The tobacco industry may not be to everyone’s liking, and some may not want to invest in this area. But basically, it’s been a huge source of profit for the last decade now. High repeatability of people, market structure similar to oligopoly allows the institution to achieve better results.

Of course, the shift to vaping and nicotine alternatives means that British American tobacco is in danger of becoming an unadaptable dinosaur. However, I don’t see any materially worrying signs that the business isn’t planning for the future of the industry.

A household favorite

It’s the second stock I’m thinking of buying. Unilever ( LSE:ULVR ) share price hasn’t moved much over the past year, down a modest 3%. As for the dividend, it is 3.8%.

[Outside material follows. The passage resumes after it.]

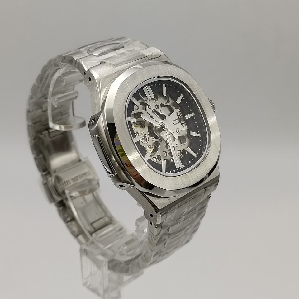 NO LOGO Watch Stainless Steel NH70 Movement Hollow Dial Sapphire Glass 5BAR Waterproof Automatic

I understand that people say that the yield is actually slightly below the index average. This is true, but if I look at Unilever’s yield over the past two decades, it has remained in a tight range between 2.5%-4%. It will never set my world on fire, but at the same time I’m sure I’ll be taking episodes of this size for the next decade. This counts for one thing.

The reason it is a constant dividend payer is related to the sector. It owns various family brands in all kinds of areas. This is from Ben and Jerry Ice cream to Hellman Mayonnaise. The items have a proven track record of being popular with consumers in the past, bringing in strong revenue. I don’t see this changing anytime soon, which should allow for continued strong profits. From this, dividends should continue to be paid.

I got to follow the steps of famous activist investor Nelson Peltz, who buys stock in a company that aims to make a difference. Following his recent purchase of a large stake in Unilever, I’m sure his intentions are for the best. But it can cause unnecessary disruption to the business.

I would like to add both stocks to my portfolio soon with free cash.